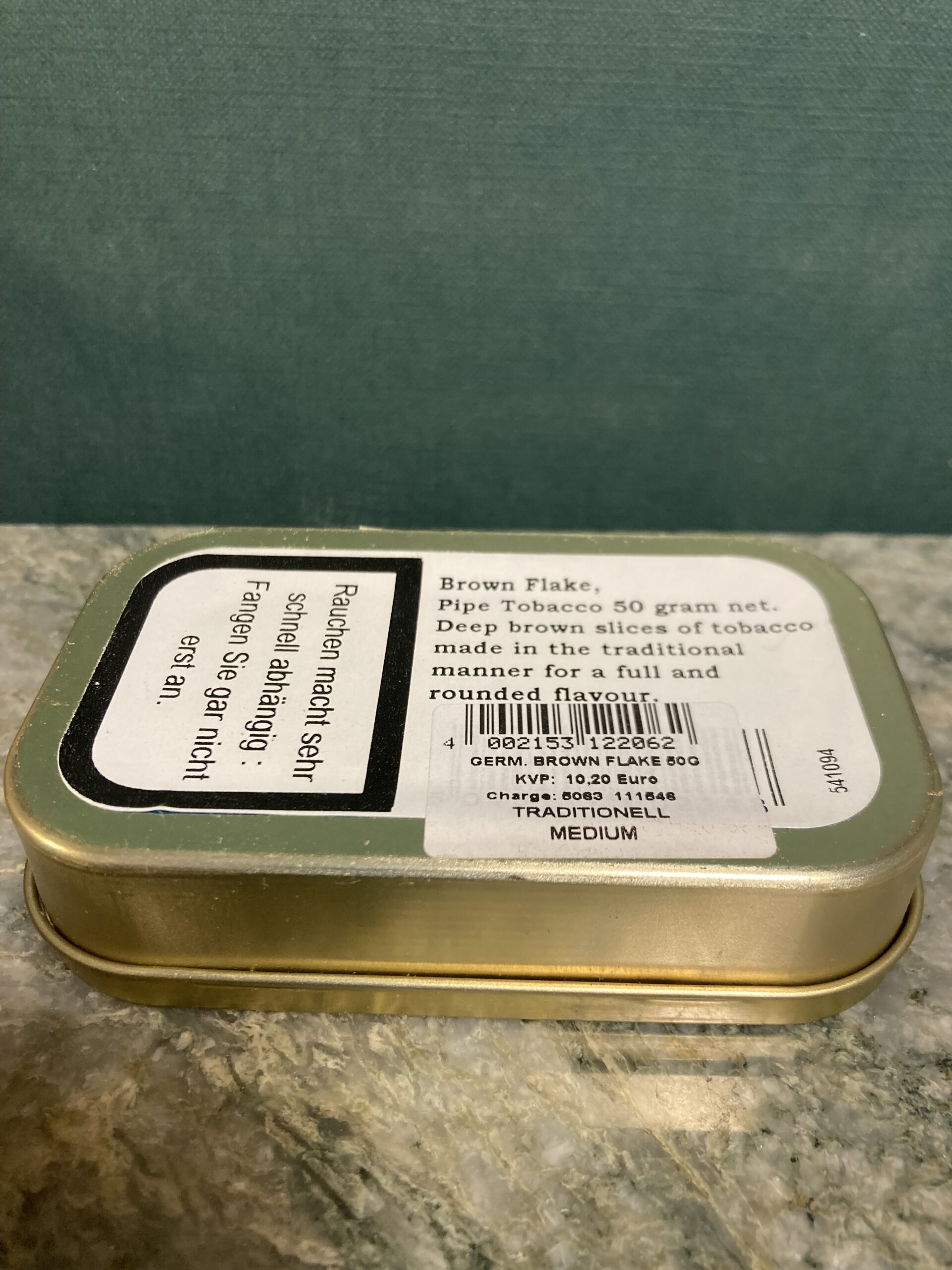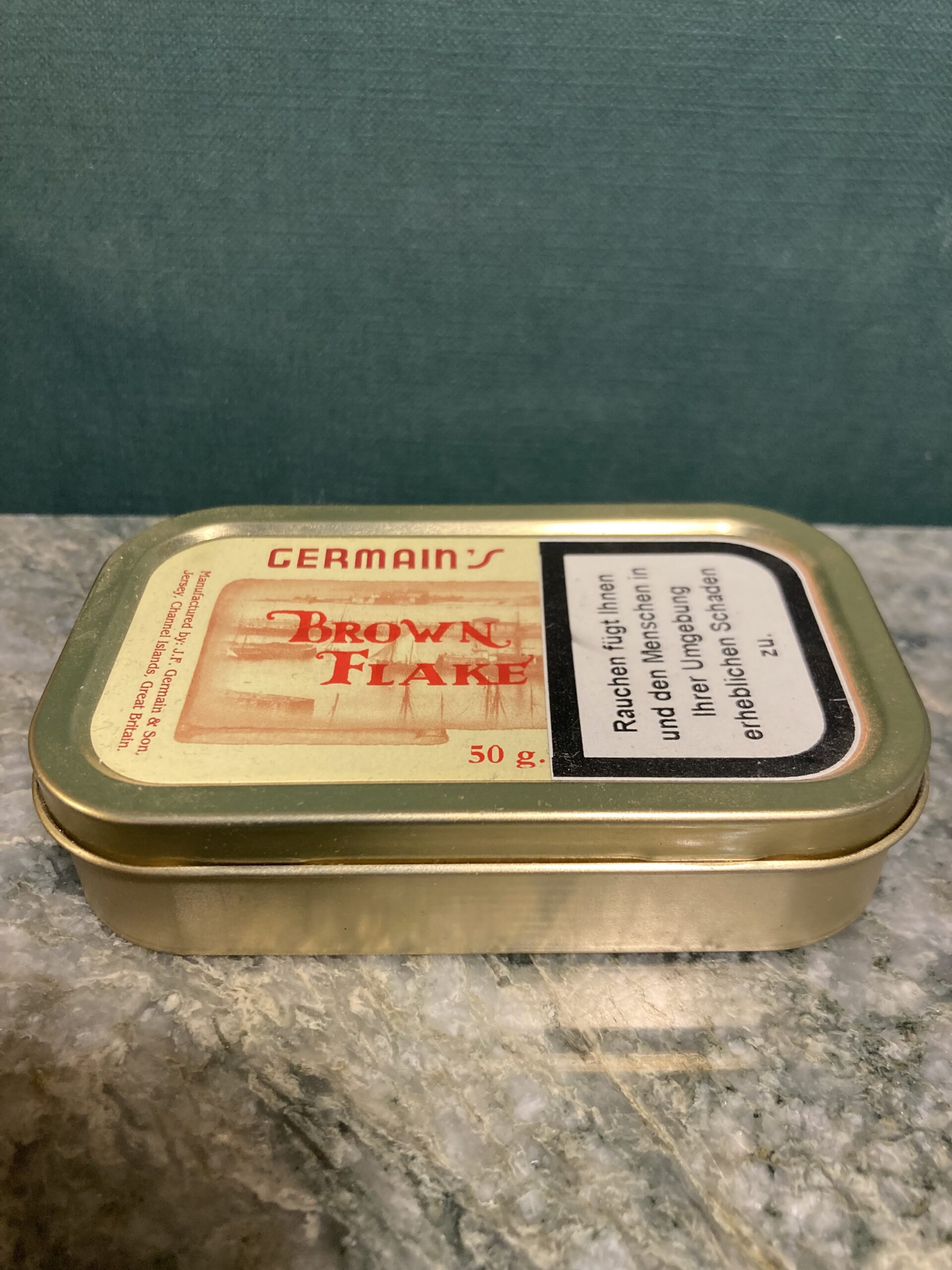 Germain’s Brown Flake 50g unopened tin, was purchased 2016-2017 if I remember correctly.
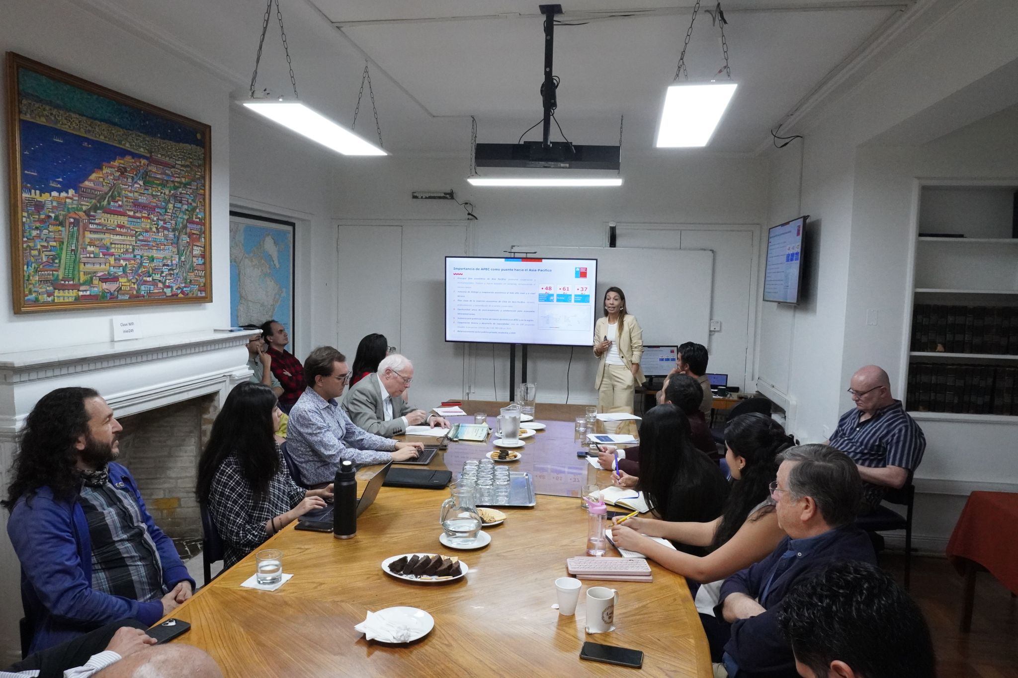 El seminario fue moderado por Dorotea López, directora del IEI, y tuvo a Andrés Bórquez, coordinador del Programa de Estudios sobre Asia del IEI; Manfred Wilhelmy, académico del IEI; y Krasna Bobenrieth, jefa del Departamento APEC de la Subsecretaría de Relaciones Económicas Internacionales Chile (SUBREI), como expositores. Adicionalmente, la moderadora le dio la palabra a Luis Alberto Pino, jefe de programas y contenidos de la Fundación, para que compartiera algunos elementos de cómo participa el sector privado en APEC, de las características de ABAC y de la última sesión plenaria del Consejo en 2025, que tuvo lugar en octubre en Busan, en la República de Corea.
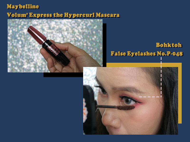 ยังไม่จบกับดวงตา เราไม่ดัดขนตาค่ะเพราะขนตาเราสั้น 555 เราติดขนตาปลอมไปเลย เลือกใช้ขนตาที่ฟูๆ หวานๆหน่อย เราใช้ Bohktoh False Eyelashes No.P-048 ค่ะ ส่วนขนตาล่าง ก็ปัดให้ฟูเลย แต่เราเลือกใช้มาสคาร่าสีน้ำตาล ที่เอาปัดคิ้วเมื่อกี้แหล่ะค่ะ มาปัดให้ฟูๆ ด้วยความสีน้ำตาลจะทำให้ตาดูละมุน ดูนัวมากขึ้น
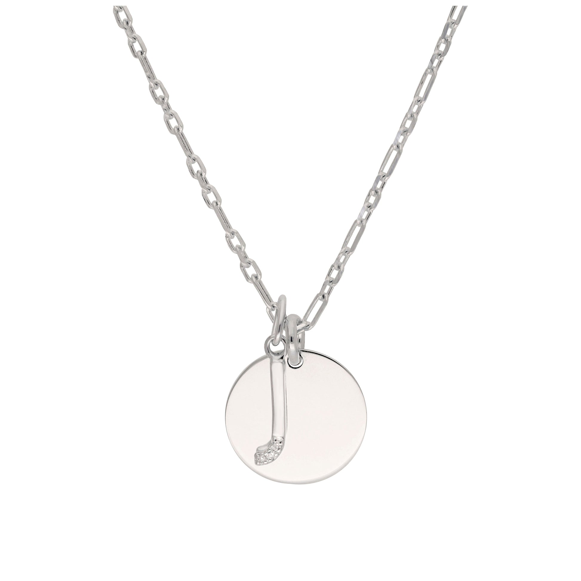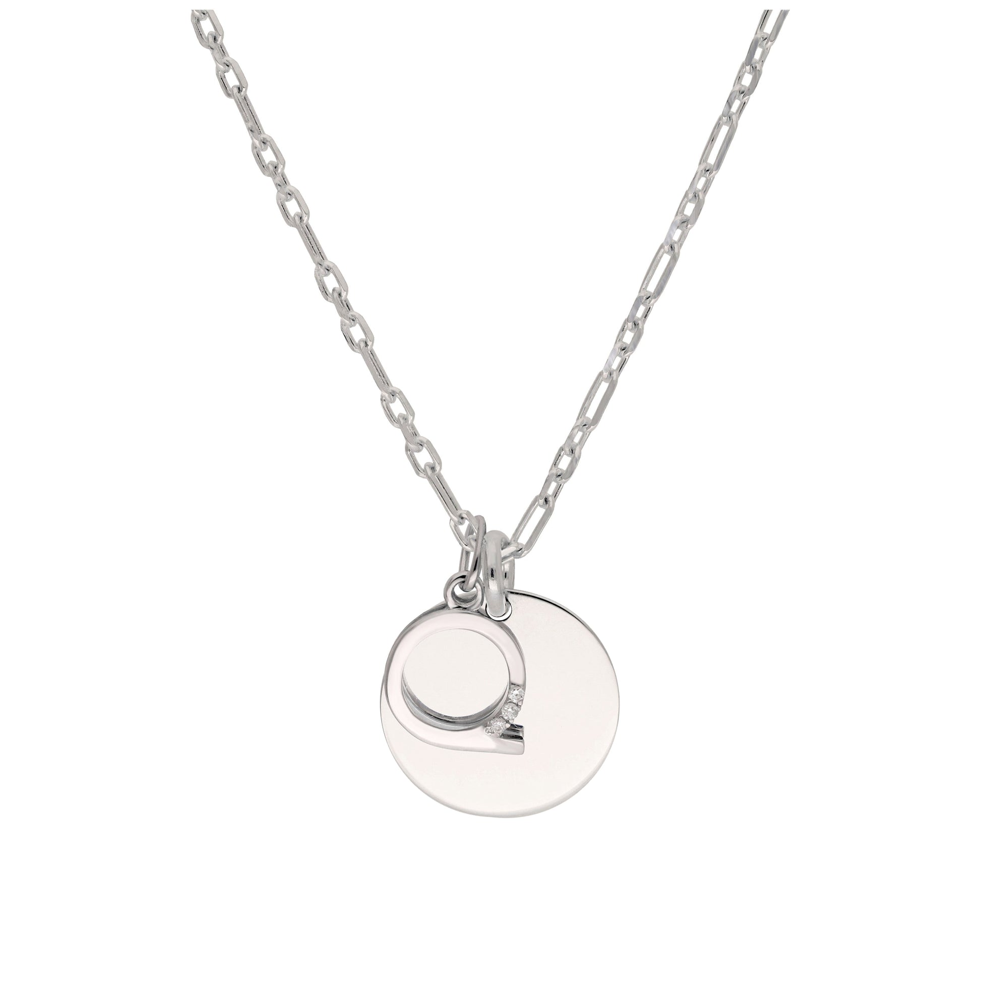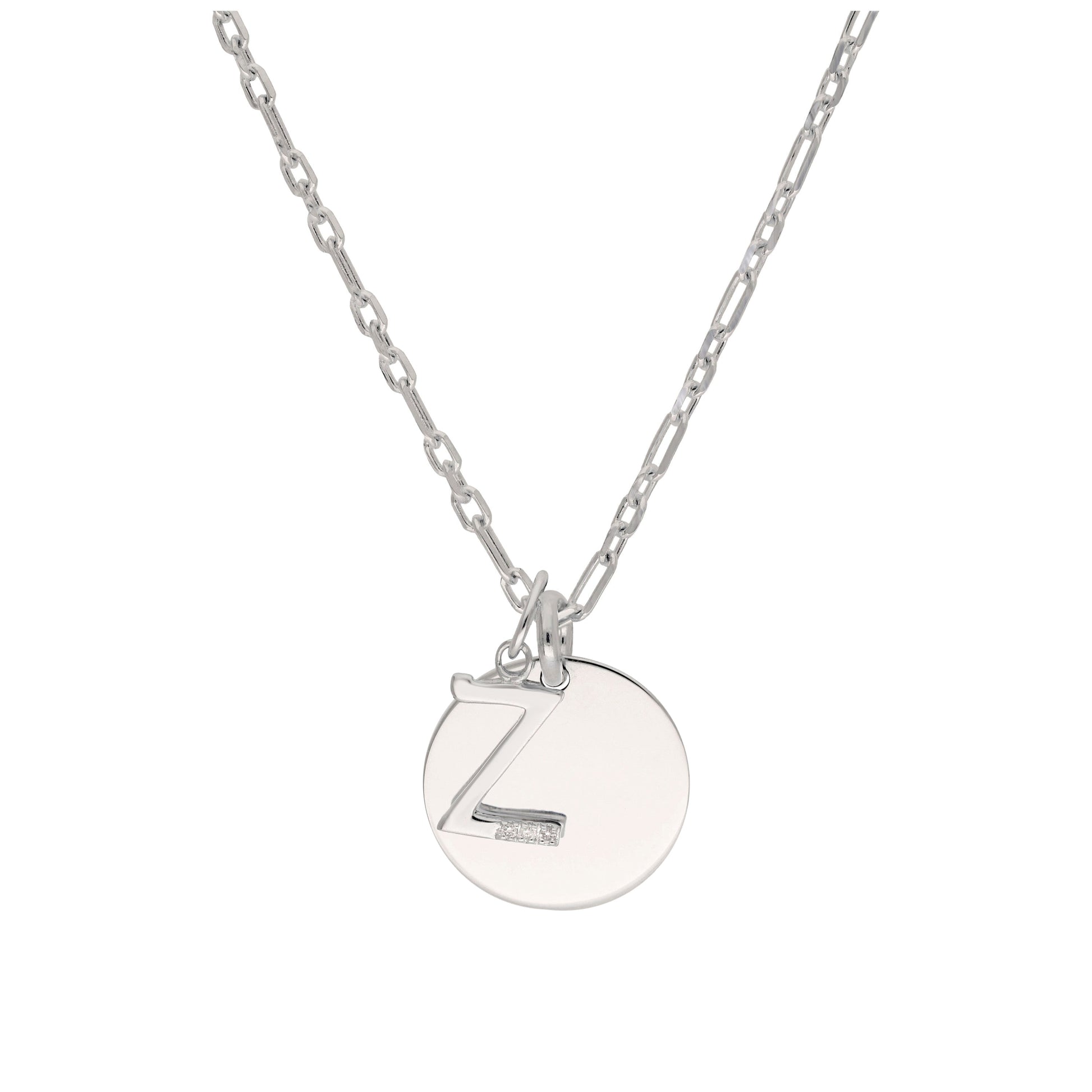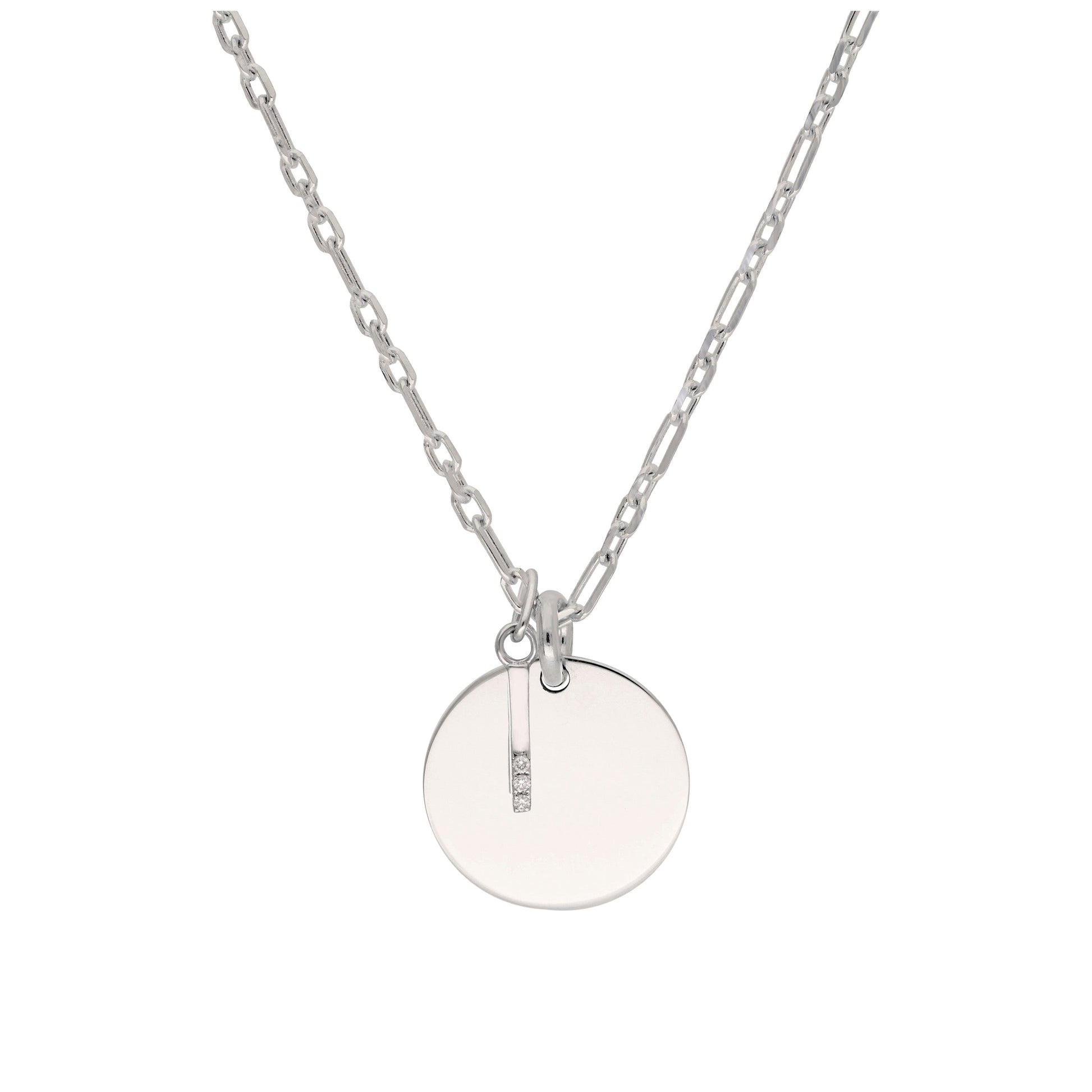 Sterling Silver & Triple 1.2pt Diamond Letter A - Z & Engravable Tag Necklace 16 - 24 Inches
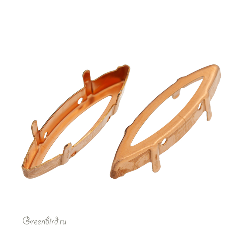 Оправа для ювелирных кристаллов – 4200 Marquise Fancy Stone FS. Размер: 35 х 9,5 мм, высота боковой стороны (без лапок): 5 мм, отверстия: 1,4-1,5 мм. Материал: томпак (разновидность латуни), без покрытия. Технические, подходят для пайки. Допускается неоднородность цвета. В разных партиях цвет может варьироваться от светло-золотого к медному. Производство: Германия. Цена указана за 1 шт.
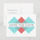 Tarjeta postal moderna y chic de presentación de tríada geométrica con un diseño de triángulo elegante en turquesa y rojo. Fácil de personalizar, este diseño simple pero elegante se puede personalizar con los detalles de su boda. Haga clic en "Personalizar" para encontrar más opciones de personalización.
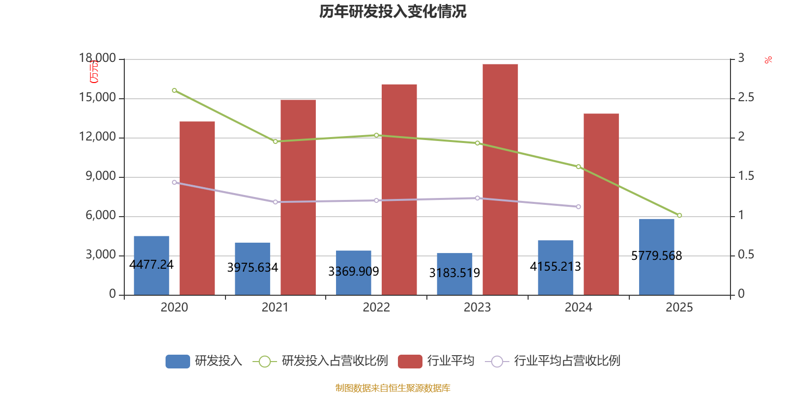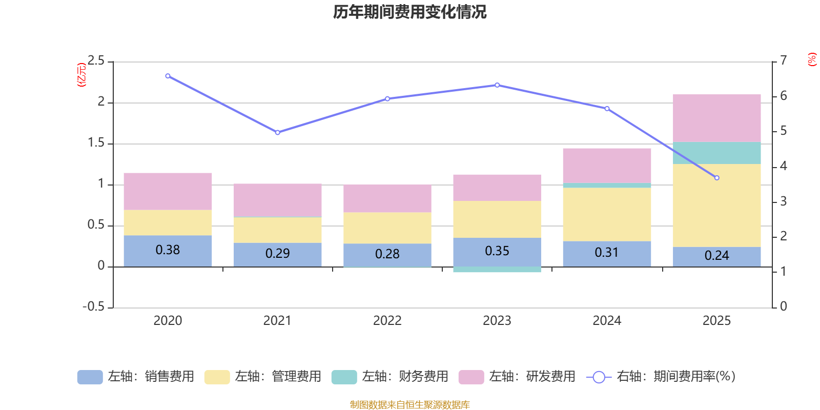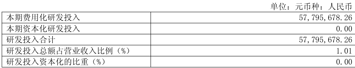 2025年全年,公司研发投入金额为5779.57万元,同比增长39.09%;研发投入占营业收入比例为1.01%,相比上年同期下降0.62个百分点。此外,公司全年研发投入资本化率为0%。
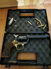 Ich musste einen Grat an einer der vergoldeten Schrauben entfernen, wodurch etwas von der Vergoldung abgetragen wurde. Ansonsten sieht der Revolver aus wie neu. Lieferumfang wie abgebildet. Anbei Kunststoffkoffer, und Reinigungsbürste.
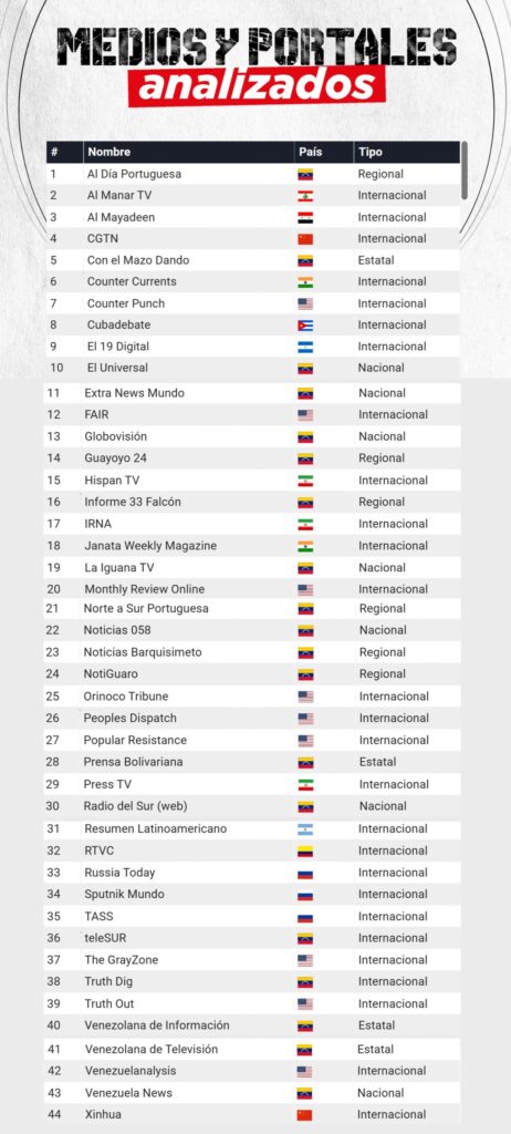 Este discurso atravesó plataformas estatales como Venezolana de Televisión (VTV), otras supuestamente independientes como la Agencia Venezuela News o La Iguana TV y se expandió a medios rusos, chinos, iraníes, indios y hasta estadounidenses; llegando a una red de 44 medios, que incluye no solo sus portales web, sino también sus cuentas en redes sociales.

************

| Brief |
Could you transcribe all of the data exactly and omit the pictures?

| Task result |
 Germain’s Brown Flake 50g unopened tin, was purchased 2016-2017 if I remember correctly.
 El seminario fue moderado por Dorotea López, directora del IEI, y tuvo a Andrés Bórquez, coordinador del Programa de Estudios sobre Asia del IEI; Manfred Wilhelmy, académico del IEI; y Krasna Bobenrieth, jefa del Departamento APEC de la Subsecretaría de Relaciones Económicas Internacionales Chile (SUBREI), como expositores. Adicionalmente, la moderadora le dio la palabra a Luis Alberto Pino, jefe de programas y contenidos de la Fundación, para que compartiera algunos elementos de cómo participa el sector privado en APEC, de las características de ABAC y de la última sesión plenaria del Consejo en 2025, que tuvo lugar en octubre en Busan, en la República de Corea.
 ยังไม่จบกับดวงตา เราไม่ดัดขนตาค่ะเพราะขนตาเราสั้น 555 เราติดขนตาปลอมไปเลย เลือกใช้ขนตาที่ฟูๆ หวานๆหน่อย เราใช้ Bohktoh False Eyelashes No.P-048 ค่ะ ส่วนขนตาล่าง ก็ปัดให้ฟูเลย แต่เราเลือกใช้มาสคาร่าสีน้ำตาล ที่เอาปัดคิ้วเมื่อกี้แหล่ะค่ะ มาปัดให้ฟูๆ ด้วยความสีน้ำตาลจะทำให้ตาดูละมุน ดูนัวมากขึ้น
 Sterling Silver & Triple 1.2pt Diamond Letter A - Z & Engravable Tag Necklace 16 - 24 Inches
 Оправа для ювелирных кристаллов – 4200 Marquise Fancy Stone FS. Размер: 35 х 9,5 мм, высота боковой стороны (без лапок): 5 мм, отверстия: 1,4-1,5 мм. Материал: томпак (разновидность латуни), без покрытия. Технические, подходят для пайки. Допускается неоднородность цвета. В разных партиях цвет может варьироваться от светло-золотого к медному. Производство: Германия. Цена указана за 1 шт.
 Tarjeta postal moderna y chic de presentación de tríada geométrica con un diseño de triángulo elegante en turquesa y rojo. Fácil de personalizar, este diseño simple pero elegante se puede personalizar con los detalles de su boda. Haga clic en "Personalizar" para encontrar más opciones de personalización.
 2025年全年,公司研发投入金额为5779.57万元,同比增长39.09%;研发投入占营业收入比例为1.01%,相比上年同期下降0.62个百分点。此外,公司全年研发投入资本化率为0%。
 Ich musste einen Grat an einer der vergoldeten Schrauben entfernen, wodurch etwas von der Vergoldung abgetragen wurde. Ansonsten sieht der Revolver aus wie neu. Lieferumfang wie abgebildet. Anbei Kunststoffkoffer, und Reinigungsbürste.
 Este discurso atravesó plataformas estatales como Venezolana de Televisión (VTV), otras supuestamente independientes como la Agencia Venezuela News o La Iguana TV y se expandió a medios rusos, chinos, iraníes, indios y hasta estadounidenses; llegando a una red de 44 medios, que incluye no solo sus portales web, sino también sus cuentas en redes sociales.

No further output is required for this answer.